Let’s get something straight. It didn’t “recover”. It momentarily dropped to about $1.14 and then rose again – but not to the original value. Throughout the day it only recovered half of what it lost in the “flash”, and then progressively lost half of that gain again. It is barely holding $1.24, and even the slight rise at the close of trading was due to the USD weakening on disappointing unemployment figures (it is absolutely not because the GBP strengthened). It was at $1.260 yesterday, $1.272 two days before that, and $1.286 on 3 October. It has therefore lost almost 5 cents – nearly 4% of its value – in consecutive stages in around four days. Whatever happened last night was – and remains – real.

Performance against the EUR is almost identical.

There is only one reason this happened. And that reason is Brexit.


Late afternoon of 10 October and the Forex rate is below $1.24. The media – particularly the BBC – is still trying to talk things up and avoid the obvious. They point out that many airports are now offering less than €1 to the GBP, adding that:

You can find better currency rates almost anywhere other than at an airport.

Well, yes. M&S is offering €1.08 – and so is Asda. John Lewis is offering €1.09. Tesco is offering €1.10. There is a transaction fee which pulls the actual rate down by a few cents in each case. For all practical purposes, the rate is €1.08, and airports ALWAYS give lower rates. They always have.

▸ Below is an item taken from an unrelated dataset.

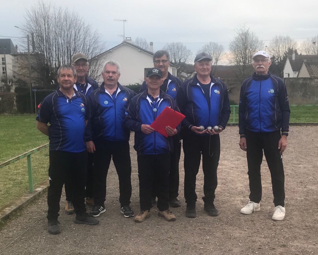 Quant à la 2ème division de Georges, 3 points pris contre La Chapelle St Ursin avec 5 TAT, 2 doublettes et 1 triplette remportés sur les 11 parties. Bravo à toute l’équipe pour ce beau résultat, continuez pour assurer le maintien voire mieux si l’occasion se présentait !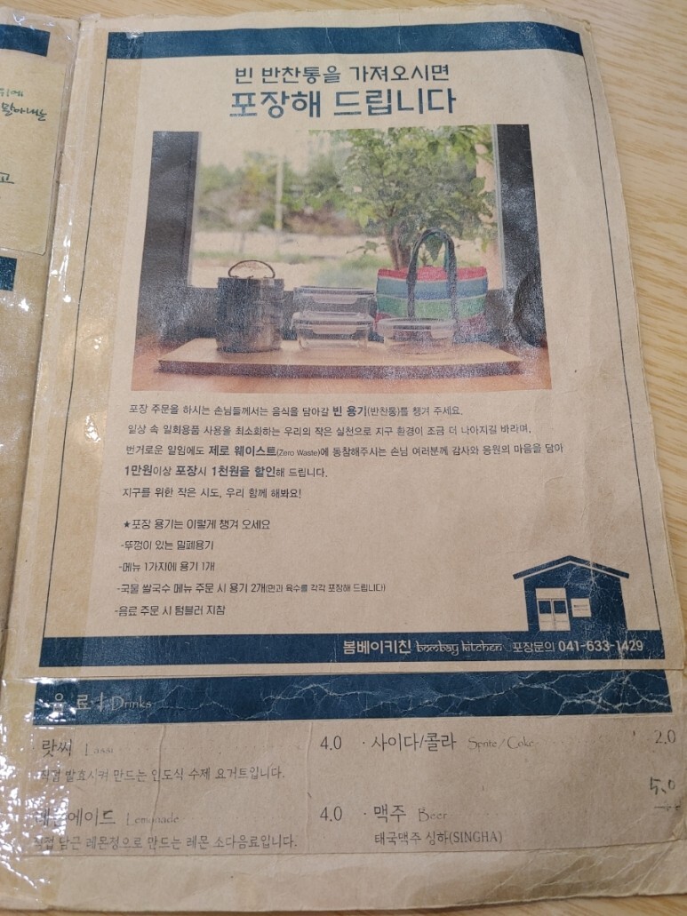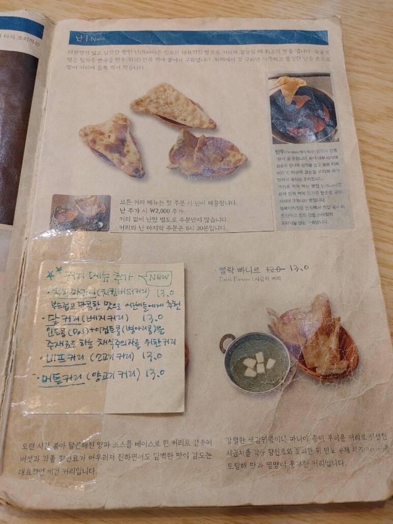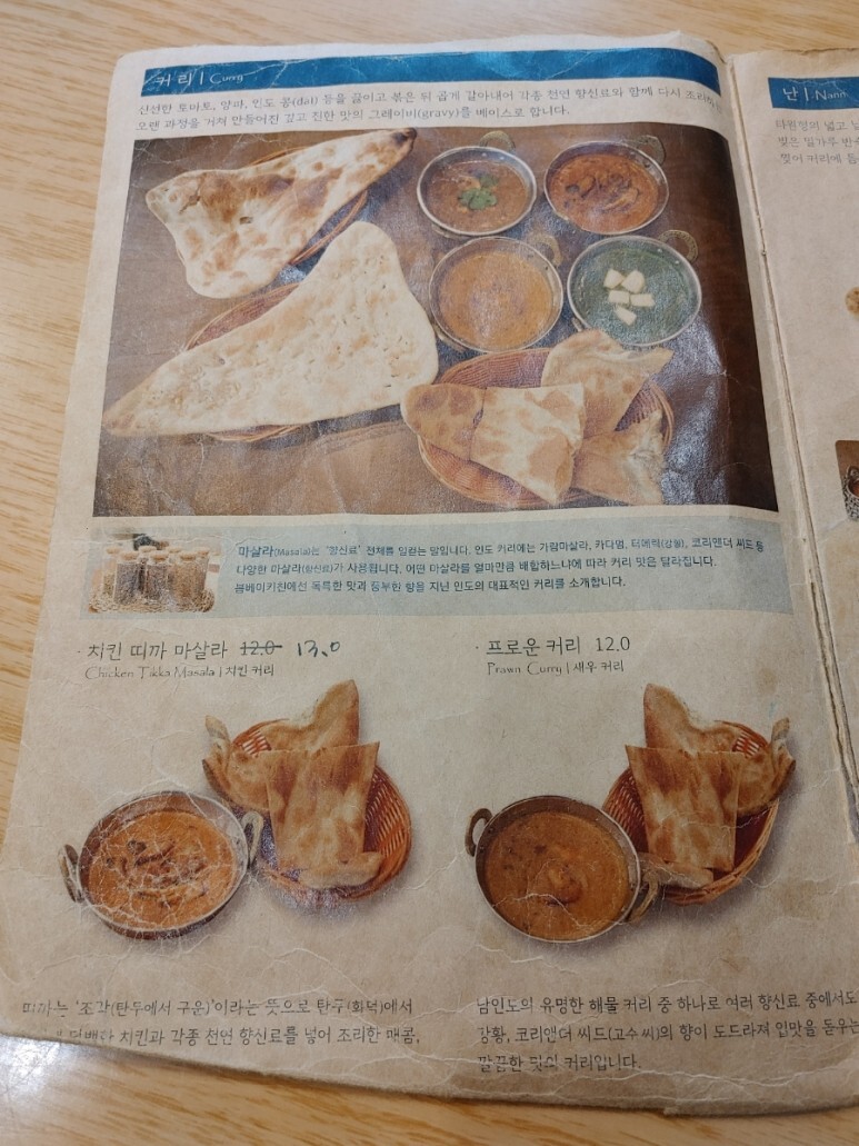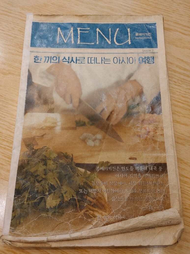 이게 바로 봄베이키친의 메뉴판이에요.

The fact is that the GBP has fallen so much that the €1 threshold is painfully apparent.


I’m dying to see them talk this one up. By the end of 11 October (the first trading day after the weekend) it had hit as low as $1.21 and finished at around $1.22. Early on 12 October it has risen to almost £1.23.

However, since its highest level post-referendum, it has dropped by the virtually the same number of cents that it lost the day after the referendum! In other words, it lost 14 cents as a direct result of the referendum, and it has fallen 13 cents since early September. It is around 26 cents lower than it was the day before the referendum (or nearly 18% down).

But I bet you they start talking about how it is 2% up on yesterday’s low.